The use of unit tests is a necessary practice for our codes to ensure that the expected behavior of each component of the system is performed correctly. In the mobile world, the importance of this practice becomes inevitable, as we are talking about several devices with different configurations. After testing a code, we can predict errors before we even release a new version of the application.
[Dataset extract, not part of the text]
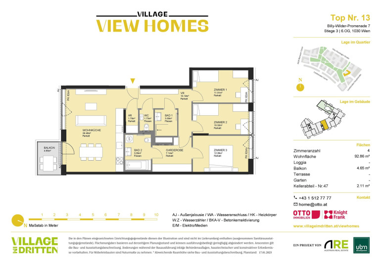 Dank der Nähe zur S-Bahn-Haltestelle St. Marx, der Straßenbahnlinie 18 und weiteren öffentlichen Verkehrsmitteln sowie dem Autobahnanschluss an die A23 ist VIEW HOMES sehr gut an das öffentliche Verkehrsnetz angebunden: So ist etwa der Hauptbahnhof nur sieben Minuten mit der Straßenbahn entfernt. Ebenso wird mit der Verlängerung der Straßenbahnlinie 18 von der U3-Station Schlachthausgasse zur U2-Station Stadion bis Herbst 2026 eine neue Direktverbindung in den grünen Prater geschaffen. Ein optimaler Standort zum Leben. Die Billy-Wilder-Promenade befindet sich am südöstlichen Kopfende des neu errichteten zentralen Bert-Brecht-Parks. Moderne Einkaufs-, Freizeit- und Gastronomieflächen erwarten Sie in fußläufiger Entfernung in den Erdgeschoßzonen des gesamten Quartiers und in den DOCKS am Landstraßer Gürtel.Beschreibung der Immobilie

The guidelines were divided into:
- Packages used for testing
- Good test creation practices
- Structure of the test project
- Nomenclature standards
- Test class structure
- Test method structure
Packages used in the test project.
| Packages | Version | Description |
|---|---|---|
| xUnit | 2.4.1 | .Net testing framework |
| Bogus | 29.0.2 | Fake object generator to papulate entity data |
| BurgerMonkeys.Tools | 1.1.0 | Ids string generator |
| NSubstitute | 4.2.1 | NSubstitute is a friendly substitute for .NET mocking libraries. |
| FluentAssertions | 5.10.3 | The assertions look beautiful, natural and, most importantly, extremely readable |
Unit tests should be simple to write and rewrite when necessary; in that case, always use the KISS principle (keep it simple, stupid). If the test is getting too big to be mounted on the Arrange, the method being tested is very complex and needs to be refactored.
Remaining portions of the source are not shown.